Alexei thought for a long moment. He could go to the police—but the police were corrupt, and Transneft had friends everywhere. He could go to the media—but that would escalate the conflict into a public war.
Or he could handle it himself.
"Find Dmitri Volkov. Bring him to me. Quietly."
---
Three nights later, Dmitri Volkov sat across from Alexei in a warehouse on the outskirts of St. Petersburg. Ivan's men had picked him up outside his apartment, blindfolded him, and driven him in circles for an hour before depositing him in the chair.
He was a nervous man—thinning hair, sweating profusely, hands trembling.
"I know about the notes," Alexei said. "I know your girlfriend delivered them. I know you wrote them."
Dmitri said nothing, his eyes darting around the warehouse.
"Here's what's going to happen," Alexei continued. "You're going to tell me who told you to write those notes. If you lie, I will know. And then this conversation becomes unpleasant."
"It was my boss," Dmitri whispered. "Yuri Krasnov. Head of Regional Operations at Transneft. He said you were destroying the company. He said someone needed to scare you off."
"Scare me off. Not kill me."
"Just scare. The notes were supposed to make you leave St. Petersburg. That's all. I swear."
Alexei studied the man. He was telling the truth—or at least, he believed he was.
"Here's what happens next," Alexei said. "You're going to resign from Transneft. You're going to break up with your girlfriend. And you're going to leave St. Petersburg within the week. If you're still here in seven days, Ivan will find you. And the next conversation won't be as pleasant."

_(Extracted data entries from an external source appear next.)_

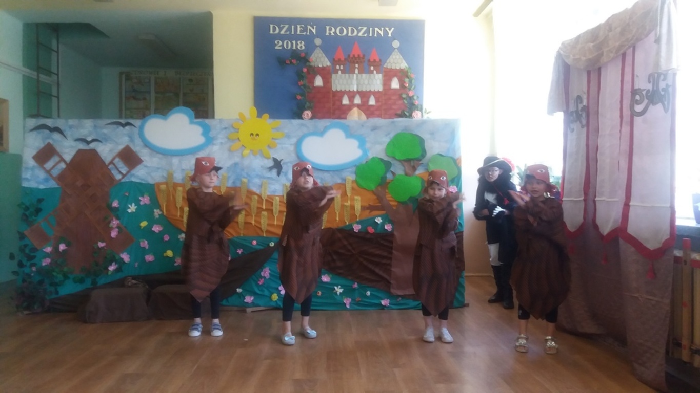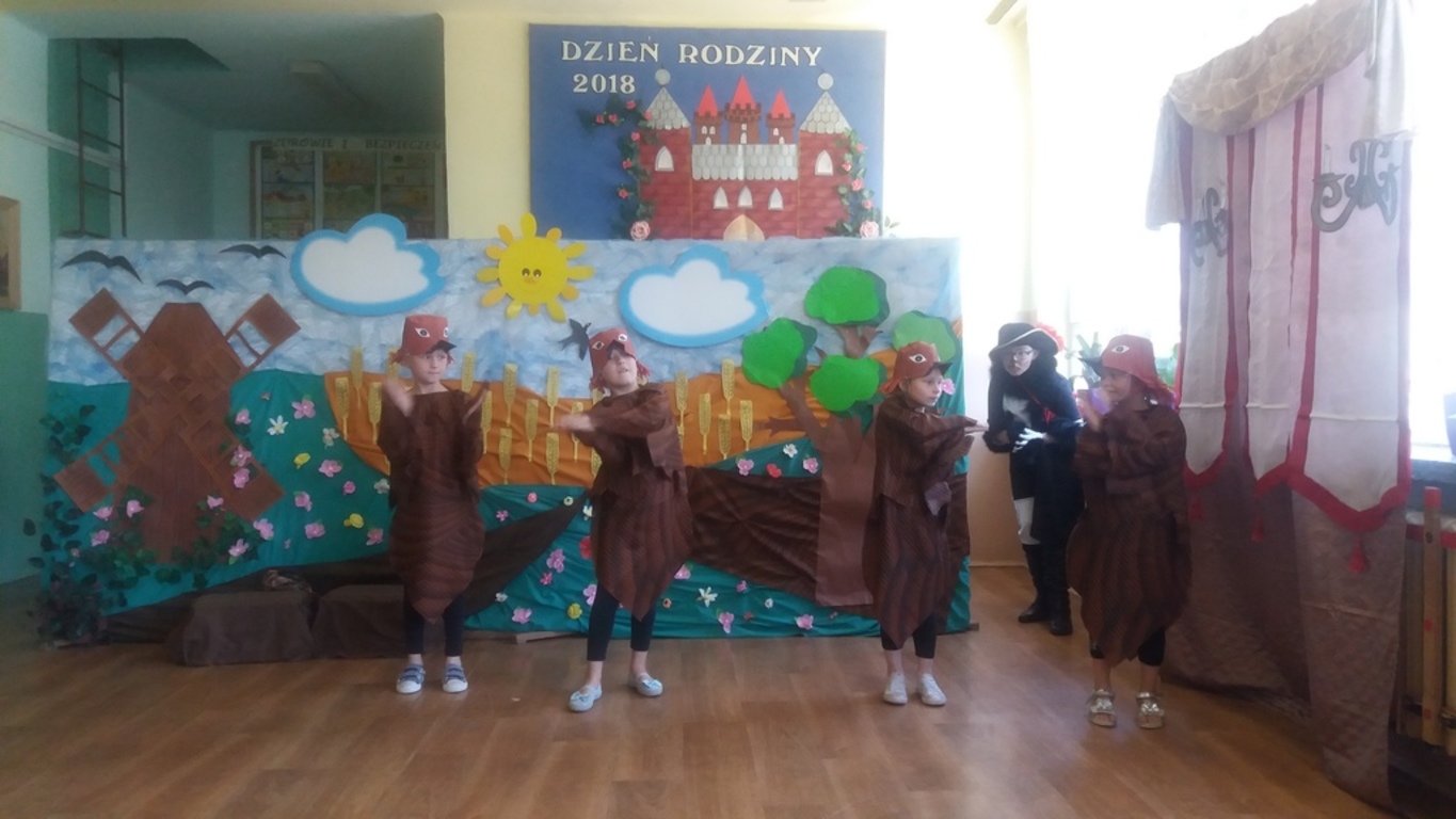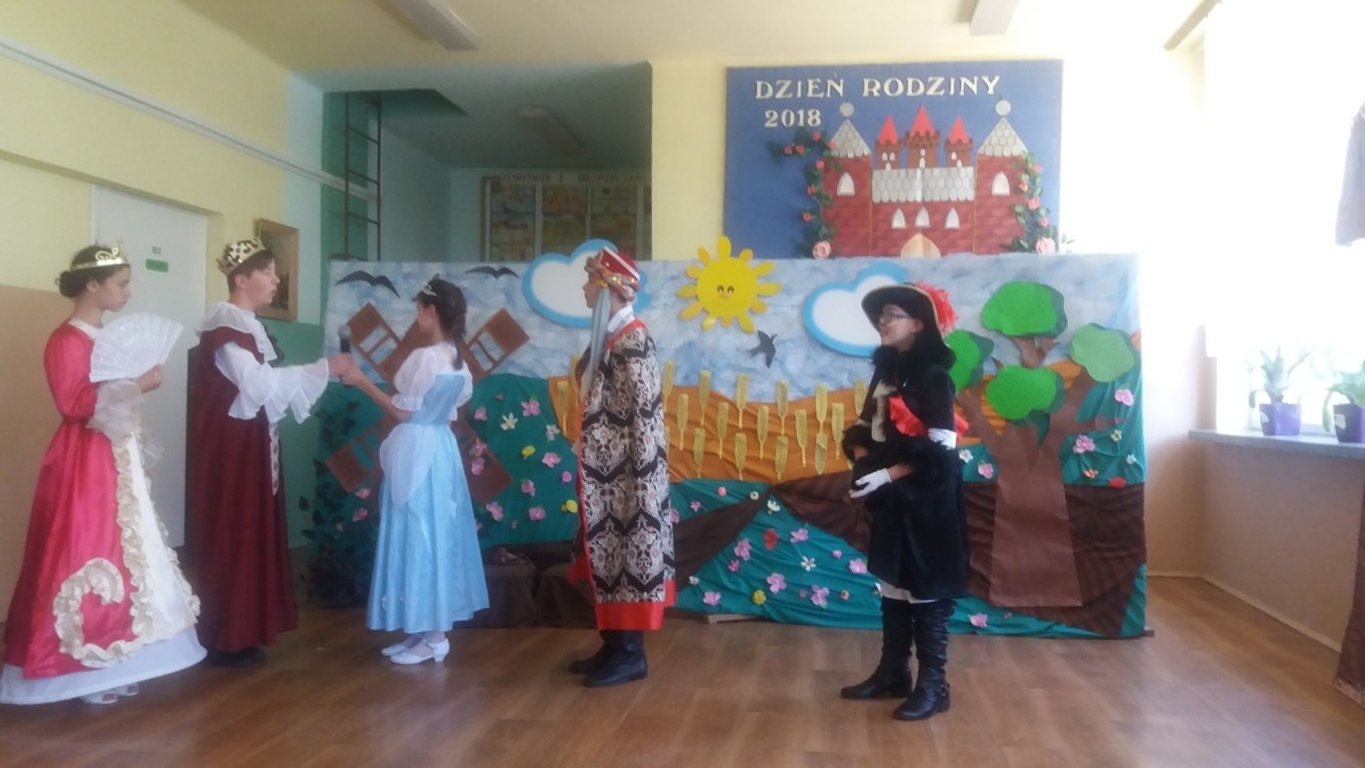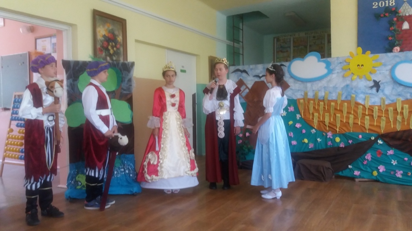 Następnie głos oddano artystom, którzy począwszy od najmłodszej grupy- dzieci 4-5 letnie, aż po uczniów klasy VII pełni zapału i zaangażowania deklamowali wierszyki, wyśpiewali z serca piosenki. Ponadto dzieci klas I-V wcieliły się w bajkowe postacie i zaprezentowali inscenizację bajki pt.: ,,Kot w butach”. Spektakl przeniósł widzów w krainę bajki. Jak każda bajka, ta także miała swój morał.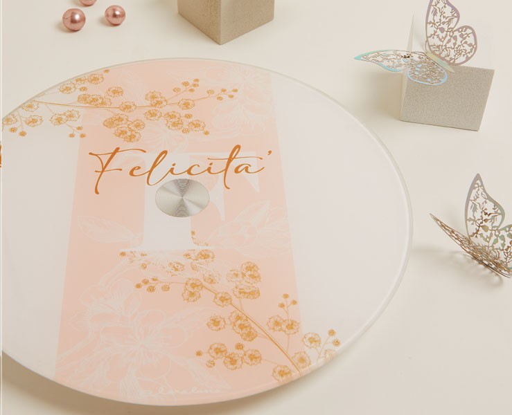 Un vassoio elegante e raffinato, decorato con il tema "Felicità", perfetto per aggiungere un tocco di classe alla tua tavola. Realizzato in vetro, questo vassoio girevole è ideale per servire antipasti o dessert con stile e funzionalità.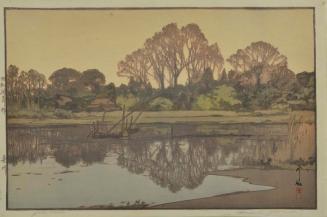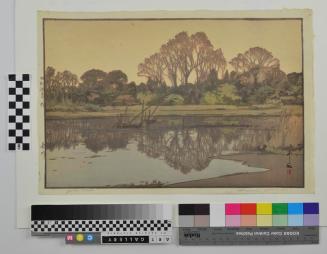 Descriptionlandscape with trees & a pond with reedsColour: brown;green;yellow

Dmitri nodded frantically.
"One more thing," Alexei said. "You're going to deliver a message to Yuri Krasnov. Tell him this: 'The young one is not scared. The young one is patient. And the young one remembers.'"
That night, Alexei wrote in his journal:
February 28, 1997
The warning wasn't from an assassin. It was from a coward. A middle manager at Transneft, trying to frighten me away.
It almost worked. Not because I was afraid—but because it reminded me how many people want me gone.
The note said: "Cut him down before he becomes a tree."
I am becoming a tree. Deep roots. Wide branches. Hard to cut.
But trees get cut down all the time. By storms. By axes. By men with enough patience.
I need to grow faster than the axes can swing.
Transneft will try again. Their manager will be replaced by someone more competent. The threats will return.
So I'll build higher walls. Deeper moats. Stronger alliances.
And I'll remember: the best way to survive is to become too big to kill.